# 4h Lamb ready for the fair pic :)



## justspry (Feb 5, 2014)

SO this lamb has been a pain it had sore mouth and gave it to my goats gee thanks  Goats are doing better now lamb has been healed for month . It weighs around 140 says the weight tape  She didn't listen to my son at all but since we sheared her yesterday she has listened to him fully . SHe used to drag him and run him over but not so far lets hope this keeps up ! She looks great and my son is super excited for this week , me however taking a 2 yr to the fair all day not so fun  Lucky for me I have the kids one moms and pull the boys when we need milk and let them out when we don't that's a relief . But I think it will be fun and rewarding for the family ! This is our first fair with a lamb so wish us luck !


----------



## canyontrailgoats (Jan 4, 2014)

Good luck!

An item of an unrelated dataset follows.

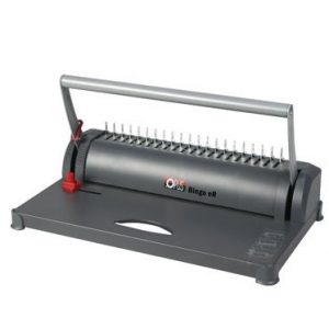 Termobindownica TB 200 Termobindownica jest urządzeniem służącym do tworzenia profesjonalnie wyglądających, trwałych i estetycznych dokumentów. Działanie termobindownicy polega na łączeniu grzbietu dokumentów za pomocą paska kleju termokurczliwego. Proces termobindowania składa się z kilku kroków: Wkładanie dokumentów do termobindownicy: Wyrównane dokumenty umieszczone w termookładce są układane w podajniku. Podgrzewanie: Grzbiet dokumentów w termookładce jest nagrzewany przez specjalny element grzewczy. Łączenie: Gdy klej jest rozgrzany, krawędź dokumentów zostaje przylepiona. Chłodzenie: Po zakończeniu procesu łączenia, dokumenty należy schłodzić na dodatkowej półce, dzięki czemu oprawa staje się twarda i trwała. Efektem końcowym jest trwałe połaczenie pomiędzy kartkami oprawianych dokumentów, które jest odporne na rozdzieranie, rozrywanie i wilgoć. Termobindownice są często używane do tworzenia raportów, broszur, książek, katalogów i innych dokumentów, które muszą być trwałe i estetyczne. Termobindownica TB 200 łatwa w obsłudze termobindownica wysuwana podpórka do chłodzenia dokumentów panel z diodami LED sygnalizator gotowości do pracy sygnalizator zakończenia procesu oprawy automatyczne wyłączanie po 90 minutach od zakończenia termobindowania oprawia do 200 kartek w maksymalnie 60 sekund wymiary: 420x101x163 mm Pod wpływem ciepła, klej zawarty w pasku łączącym okładkę przednią i tylną termookładki, rozpuszcza się i łączy ze sobą oprawiane dokumenty

That's a good looking, LONG lamb and the judges like that! ( My brother showed sheep, so I learned that long=purple ribbon lol)


----------



## kccjer (Jan 27, 2012)

Turned out pretty darned nice!


----------



## ksalvagno (Oct 6, 2009)

Very nice!


----------



## justspry (Feb 5, 2014)

Thanks I will tell my son you guys said that he has worked so hard and its about to pay for him  He said I don't need a ribbon if I get one cool but I just want to sell her lol shes been a pain !


----------